How big data analytics works
The primary steps of big data analytics are goal definition, data collection, data integration and management, data analysis and sharing of findings. The advanced analytics involved in exploring and analyzing large volumes of semi-structured and unstructured data requires either an end-to-end big data analytics platform or a broad set of tools which are applied by data analysts, data scientists, or engineers.
Modern big data analytics involves the use of artificial intelligence (AI) and machine learning to automate processes, provide insight suggestions, perform predictive analytics and allow natural language interaction. Real-time big data analytics involves processing data as it arrives, which can further speed decision making or trigger actions or notifications.
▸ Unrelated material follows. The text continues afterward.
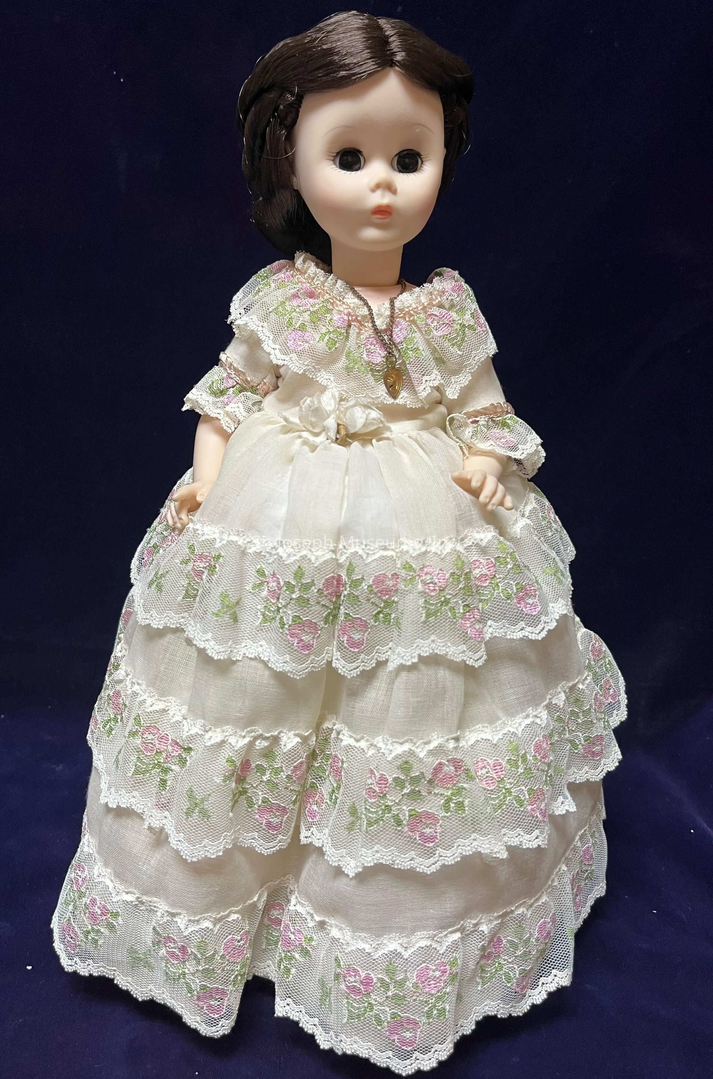 A Julia Tyler doll that has dark brown hair styled in an elegant updo. The dress is cream-colored with multiple layers of lace adorned with pink floral embroidery and green leaves. Around the doll's neck hangs a small gold necklace with a pendant.
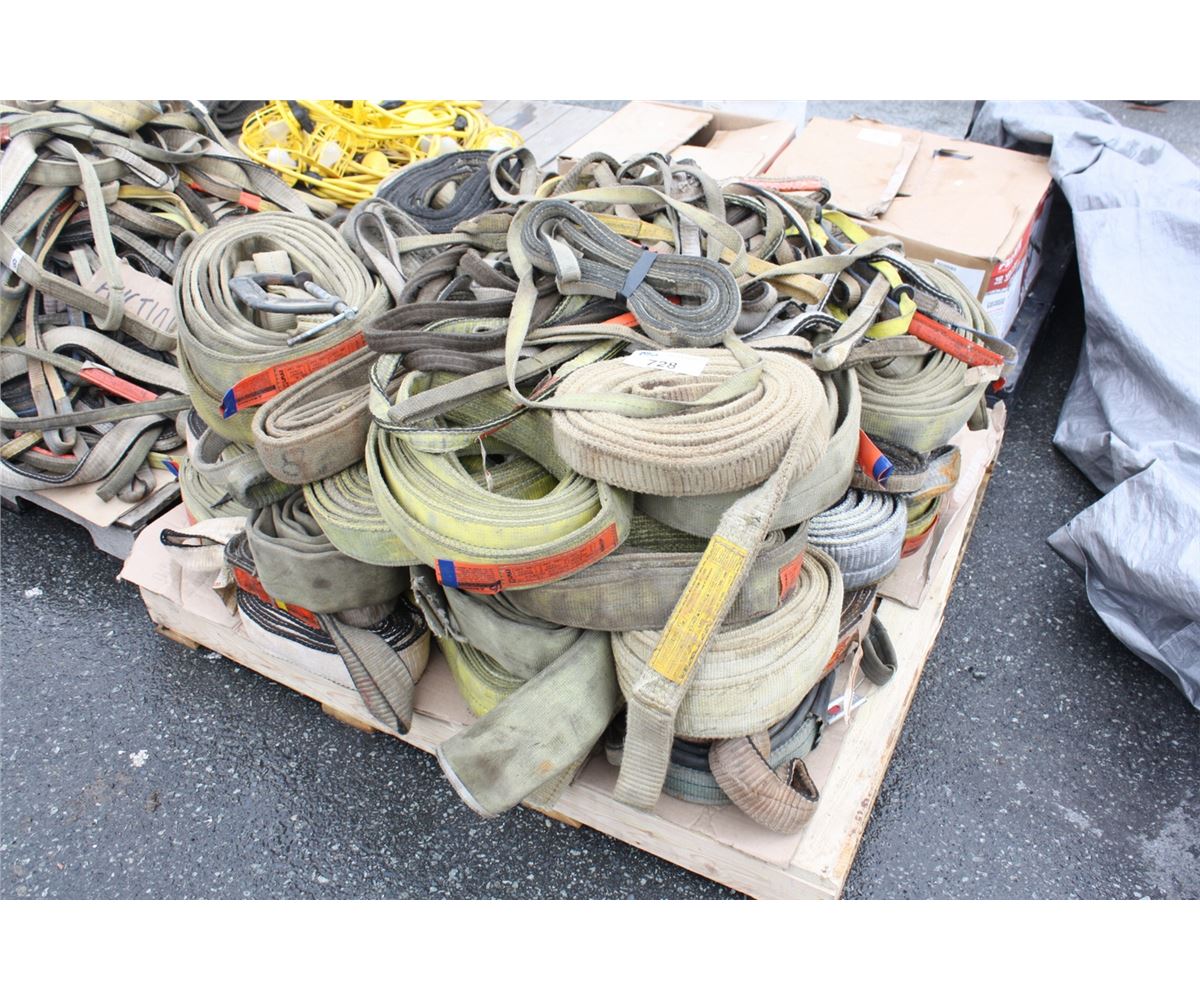 PALLET LOT OF ASSORTED LIFT LINE BELTS  AND STRAPPING

Now let’s get more specific.
Once the data has been collected and you’ve clearly defined your business objective (such as improving marketing ROI), below are the key steps and processes involved:
1. Big data integration and management
Before conducting big data analytics, source data must be transformed into clean, business-ready information. Big data integration is the process of combining data from many sources across an organization to provide complete, accurate, and up-to-date information for big data analytics usage. As described below, big data replication, ingestion, consolidation and storage bring different types of data into standardized formats stored in a repository such as a data lake or data warehouse.
Big data replication
Big data analytics requires fast data access, high performance, and having an accurate backup of the data. To make this happen, the process of data replication copies data from master sources to one or more locations. This process can even happen in real time as data is written, changed, or deleted by using change data capture (CDC) technology.
Big data ingestion
Raw data from a variety of sources needs to be moved to a storage location such as a data warehouse or data lake. This process, called big data ingestion, can be streamed in real time or in batches. Ingestion also usually includes cleaning and standardizing the data to make it ready for a big data analytics tool.
Big data consolidation and storage
For big data analytics, data is stored in a data lake or data warehouse. The Hadoop data lake open source software framework is now popular because the framework is free and its distributed computing model can quickly process big data.
Governed big data
Big data analytics tools should also provide a governed enterprise data catalog. This allows IT to profile and document every data source and define who in the organization can take which actions on which data. This allows users to more easily find, use and share trusted data sets on their own.